Finance minister urges Africa to boost earnings with taxation


Kemi Adeosun, the Minister of Finance, on Thursday told African countries to see taxation as an initiative to diversify their economies and boost their national earnings

At the Ninth General Council meeting of the West African Tax Administration Forum (WATAF), Adeosun said that global economic crisis had exposed the risk African economies faced by depending on debt financing, development assistance and Foreign Direct Investment (FDI).

The minister at the meeting themed, “Extractive and telecommunications industry taxation: Country experiences and best practices’ said the ensuing crisis had shifted attention to the need for domestic resources mobilisation on the African continent.

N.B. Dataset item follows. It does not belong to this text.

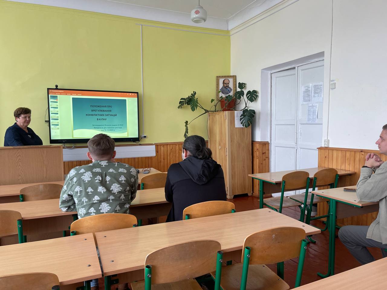 Під час зустрічі повідомили про діяльність соціально-психологічної служби, запити з якими можна звертатись до психологічної служби, обговорювалися проблеми переживання різних емоційних станів здобувачами, було проведено вправи на визначення власного емоційного стану.

Adeosun represented by Larai Shuaibu, Director, Technical Services, Federal Ministry of Finance said that Sub-Shara African countries still mobilised less than 17 per cent of the Gross Domestic Product (GDP) in tax revenue.

According to her, the low taxes to GDP mobilisation of African countries can be attributed to several factors.

She said such factors include improper pricing of goods and services by Trans National Corporations (TNC), general tax incentives and low government share of revenues from extractive industries.

“Taxation remains a veritable source of revenue. A large source of missed tax revenue for African countries comes from transfer pricing, as a result of Trans National Corporations (TNC).

She said the second important tax gap in African countries could be related to tax incentives.

“Government from low income countries offered various tax exemptions with the aim of attracting investors and fostering economic growth; evidence shows that tax incentive is not an important driver of foreign investment.

“ By providing tax incentives, governments in low-income countries forego substantial revenue that can be used to foster the elements that drive foreign investment, notable infrastructure and education.

“It is estimated that the losses of revenue by the developing countries from tax exemptions for investors are around 20 per cent of actual revenue collections,” Adeosun said.

She said the third cause of tax revenue losses could be related to revenues generated in extractive industries.

According to her, the IMF estimated that governments are generally able to retain only about 30 per cent of the revenue in the mining sector.

She said that arrangements in the extractive sector were often ad hoc and not very transparent.

The minister said it was crucial to design fiscal regimes and rent sharing agreement to ensure fair amount of revenue for the producing country.

She said apart from the three main sources of missed tax revenues, African countries faced a number of constraints of political, administrative and economic nature.

Tunde Fowler, the Acting Executive Chairman, Federal Inland Revenue Service (FIRS), said Nigeria in particular had experienced a downward drop in revenue from crude oil.

Fowler said Nigeria now depended increasingly on tax revenue to meet the shortfall of all tiers of governments obligations.

“While talking about diversifying our revenue away from resources dependence in the past, period like this provide an opportunity for us to put words into actions.

He said the forum provided an opportunity for knowledge and experience sharing and encouraged peer review.

Femi Edgal, Assistant Director of FIRS, who represented the African Tax Administration Forum (ATAF), said illicit financial flows undermined domestic resources mobilisation.